START MATERIAL FOR THIS TASK

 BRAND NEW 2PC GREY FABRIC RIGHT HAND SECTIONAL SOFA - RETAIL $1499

END MATERIAL FOR THIS TASK
START MATERIAL FOR THIS TASK

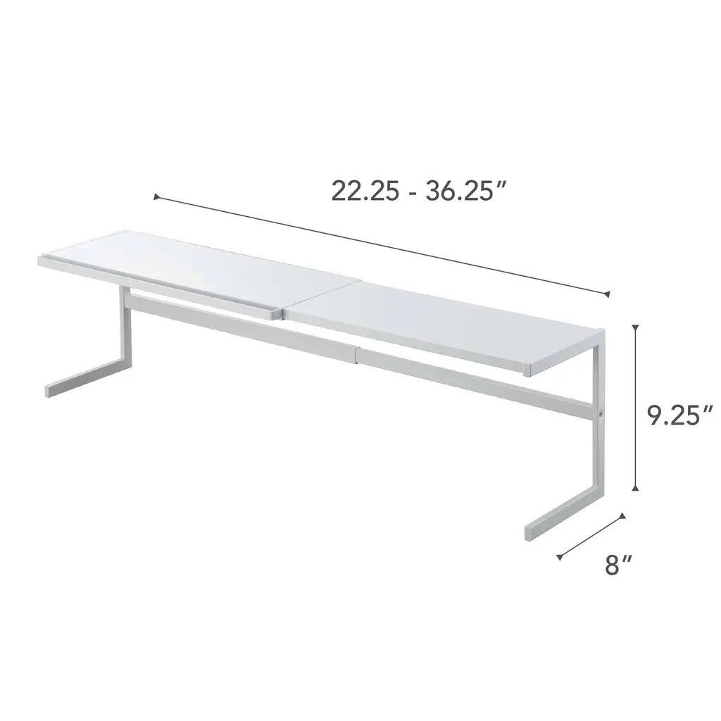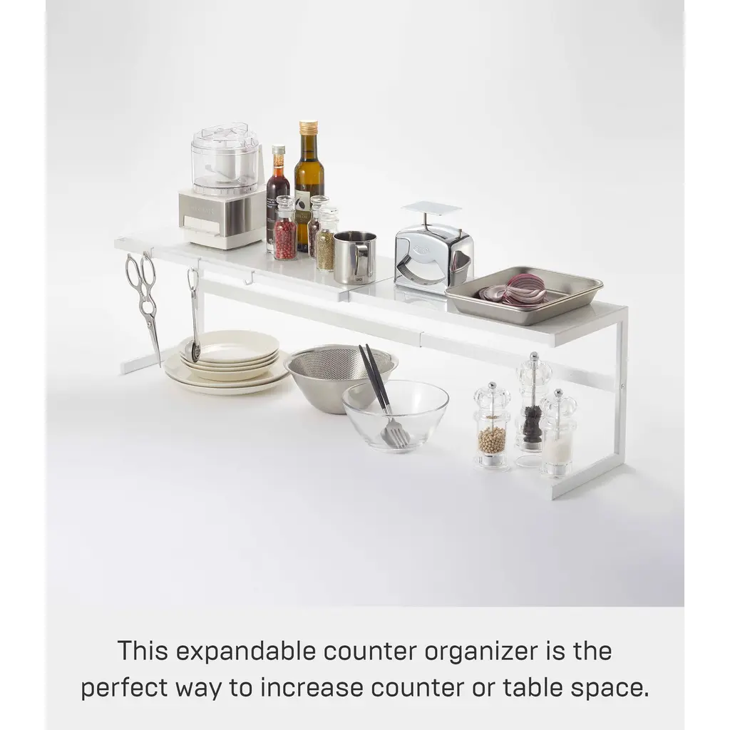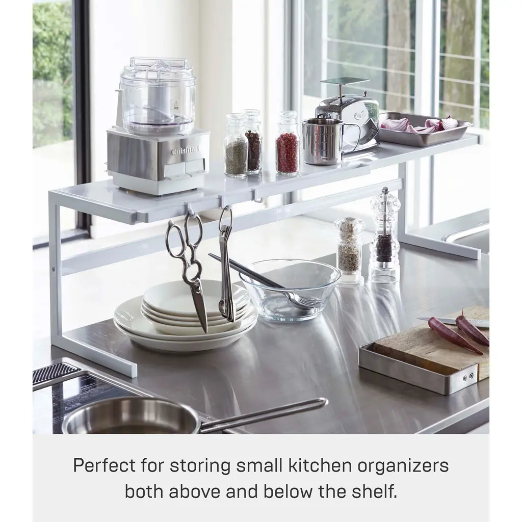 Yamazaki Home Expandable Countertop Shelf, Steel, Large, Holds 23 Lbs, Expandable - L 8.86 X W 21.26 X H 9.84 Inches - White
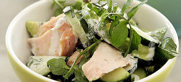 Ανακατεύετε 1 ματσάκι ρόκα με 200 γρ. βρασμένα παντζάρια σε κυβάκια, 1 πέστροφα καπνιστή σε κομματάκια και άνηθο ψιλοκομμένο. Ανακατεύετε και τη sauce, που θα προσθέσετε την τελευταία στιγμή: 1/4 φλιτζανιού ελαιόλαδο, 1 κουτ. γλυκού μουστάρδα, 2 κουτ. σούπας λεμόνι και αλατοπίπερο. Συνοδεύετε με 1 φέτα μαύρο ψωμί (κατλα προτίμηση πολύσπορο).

END MATERIAL FOR THIS TASK

EXERCISE GOAL:
Go down the entries above from the line containing "Yamazaki Home Expandable" to the line containing "Ανακατεύετε 1 ματσάκι" and write out each line exactly, leaving pictures out.

RESULT FOR THIS EXERCISE:
 Yamazaki Home Expandable Countertop Shelf, Steel, Large, Holds 23 Lbs, Expandable - L 8.86 X W 21.26 X H 9.84 Inches - White
 Ανακατεύετε 1 ματσάκι ρόκα με 200 γρ. βρασμένα παντζάρια σε κυβάκια, 1 πέστροφα καπνιστή σε κομματάκια και άνηθο ψιλοκομμένο. Ανακατεύετε και τη sauce, που θα προσθέσετε την τελευταία στιγμή: 1/4 φλιτζανιού ελαιόλαδο, 1 κουτ. γλυκού μουστάρδα, 2 κουτ. σούπας λεμόνι και αλατοπίπερο. Συνοδεύετε με 1 φέτα μαύρο ψωμί (κατλα προτίμηση πολύσπορο).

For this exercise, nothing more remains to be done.